For this notebook you'll need two models:
- an embedding model: nomic-embed-text
- any LLM: tinyllama, mistral or other (choose yourself, set later on)

In [3]:
!ollama list

NAME                   	ID          	SIZE  	MODIFIED       
nomic-embed-text:latest	0a109f422b47	274 MB	30 seconds ago	
mistral:latest         	2ae6f6dd7a3d	4.1 GB	8 minutes ago 	


In [5]:
#uncomment if necessary
!ollama pull nomic-embed-text

'ollama' is not recognized as an internal or external command,
operable program or batch file.


In [4]:
#set the system prompt
SYSTEM_PROMPT = """You are a helpful reading assistant who answers questions 
        based on snippets of text provided in context. Answer only using the context provided, 
        being as concise as possible.
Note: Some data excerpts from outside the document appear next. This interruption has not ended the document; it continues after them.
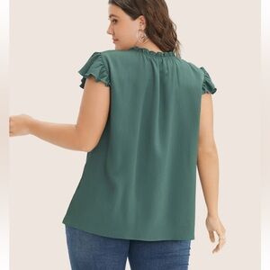This elegant green top features charming ruffle sleeves, perfect for any occasion. Its soft fabric ensures comfort and style.
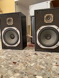 Pioneer s-z 71, bookshelf di medie dimensioni. Grande woofer da 20cm con sospensione in gomma telata praticamente eterna. Potenza 100w su 8 Ohm, basso corposo e medio-alti assai gradevoli. Ideali per completare e collezionare i gloriosi impianti degli anni 80-90. Testati e funzionanti. Minima spesa, massima resa. Li vedrei bene per ore di ascolti ininterrotti in un negozio di vinili.
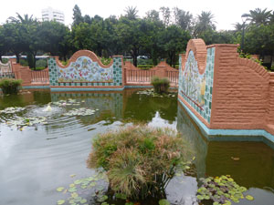 I dammen fanns näckrosor. Från molnet kan man nästa se skyddshelgonet hala
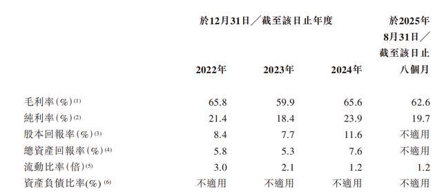 毛利率方面,2022年~2024年及2025年前八个月的毛利率分别为65.8%、59.9%、65.6%与62.6%,呈现“V型”波动。核心业务的盈利能力方面,资讯服务同期的毛利率依次为68.3%、63.3%、74.7%与71.7%。
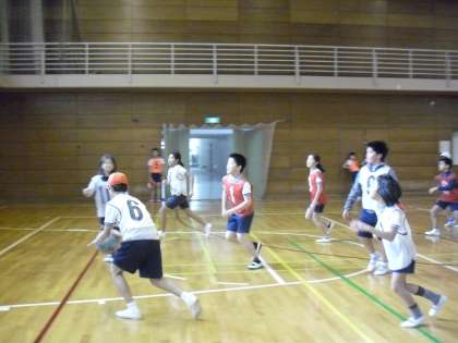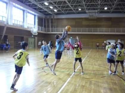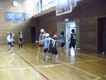6年生の体育の授業の様子です。体育館でバスケットボールをしているところです。バスケットボールはボールを持ったチームが相手のゴール目指してパスやドリブルでボールを運び、シュートをします。ボールを持ったときや奪われたときの攻防の切り替えが必要な運動です。仲間と声を掛け合いながらパスをつないでいました。
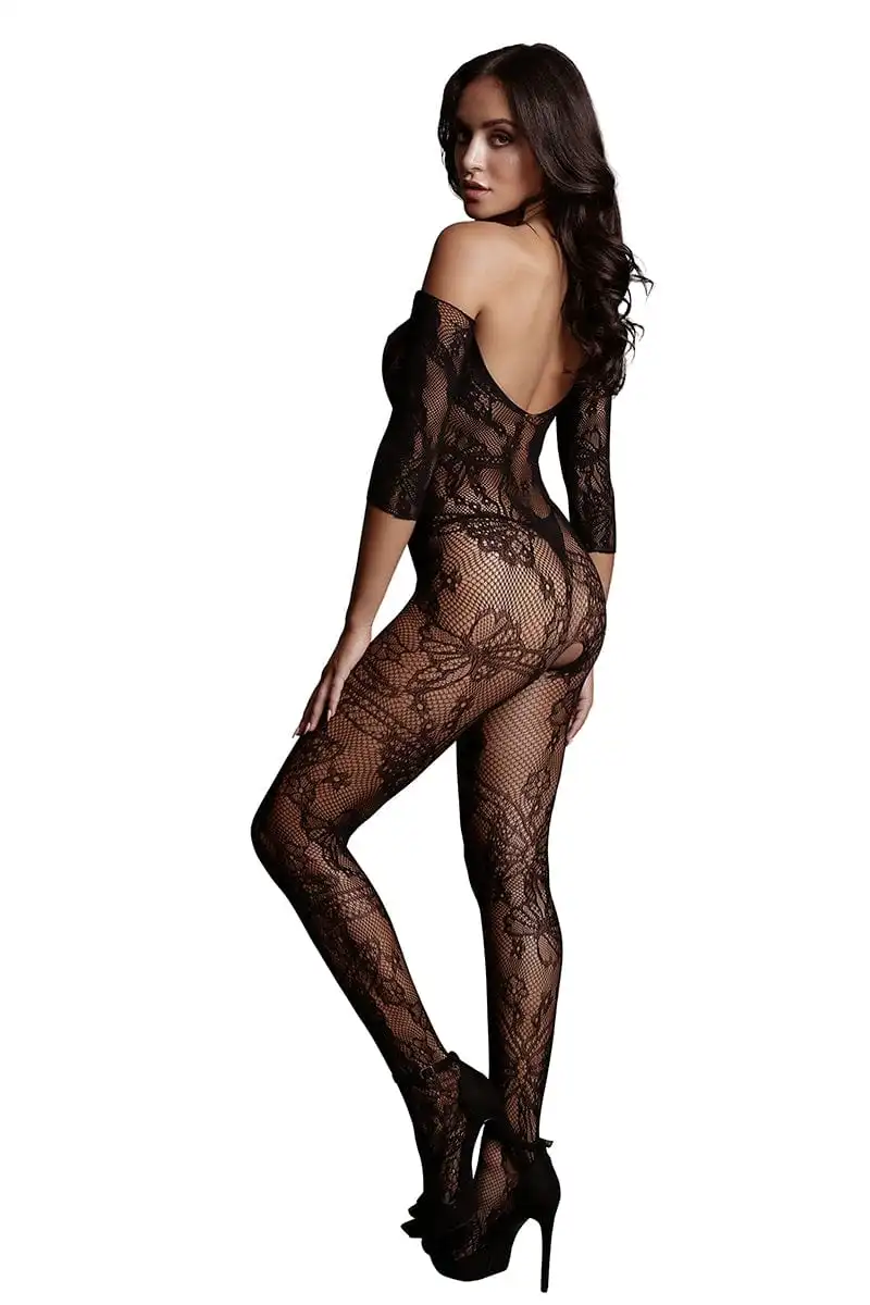 Combinaison sexy manches longues en résille florale avec ouverture intime à l’entre-jambes.
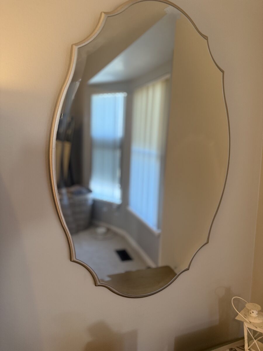 Zelle2 Beautiful decorative wall mirror with an elegant scalloped shape and soft neutral frame. This mirror adds a touch of vintage charm while still feeling clean and modern. Perfect for a bedroom, entryway, bathroom, or living space. (50.00 each) (100 both)

If you're unsure, just say that you don't know."""

## 2. Get the text document and split into paragraphs (chunks of text)

In this case, we simply use .txt files from the Project Gutenberg website.
www.gutenberg.org

In [5]:
# function to open a file and return paragraphs
def parse_file(filename):
    with open(filename, encoding="utf-8-sig") as f:
        paragraphs = []
        buffer = []
        for line in f.readlines():
            line = line.strip()
            if line:
                buffer.append(line)
            elif len(buffer):
                paragraphs.append((" ").join(buffer))
                buffer = []
        if len(buffer):
            paragraphs.append((" ").join(buffer))
        return paragraphs

<font color="lightblue">

1. Bestand openen: De functie opent een bestand met een opgegeven bestandsnaam, gebruikmakend van UTF-8-SIG encoding.
2. Initialisatie: Twee variabelen worden aangemaakt: paragraphs (een lijst van paragrafen) en buffer (een tijdelijke opslag voor regels van een paragraaf).
3. Regels lezen: Voor elke regel in het bestand:
    - De regel wordt gestript van witruimte.
    - Als de regel niet leeg is, wordt deze toegevoegd aan buffer.
    - Als de regel leeg is en buffer bevat regels, worden de regels in buffer samengevoegd tot een paragraaf en toegevoegd aan paragraphs, waarna buffer wordt geleegd.

4. Buffer controleren: Na het lezen van alle regels, als buffer nog regels bevat, worden deze samengevoegd en toegevoegd aan paragraphs.
5. Resultaat: De functie retourneert de lijst van paragrafen.

</font>

In [6]:
# open file as provided in the GitHub repo
filename = "peter-pan.txt"
paragraphs = parse_file(filename)
print(paragraphs[0:3]) #print first 3 paragraphs
print(f'Total number of paragraphs: {len(paragraphs)}')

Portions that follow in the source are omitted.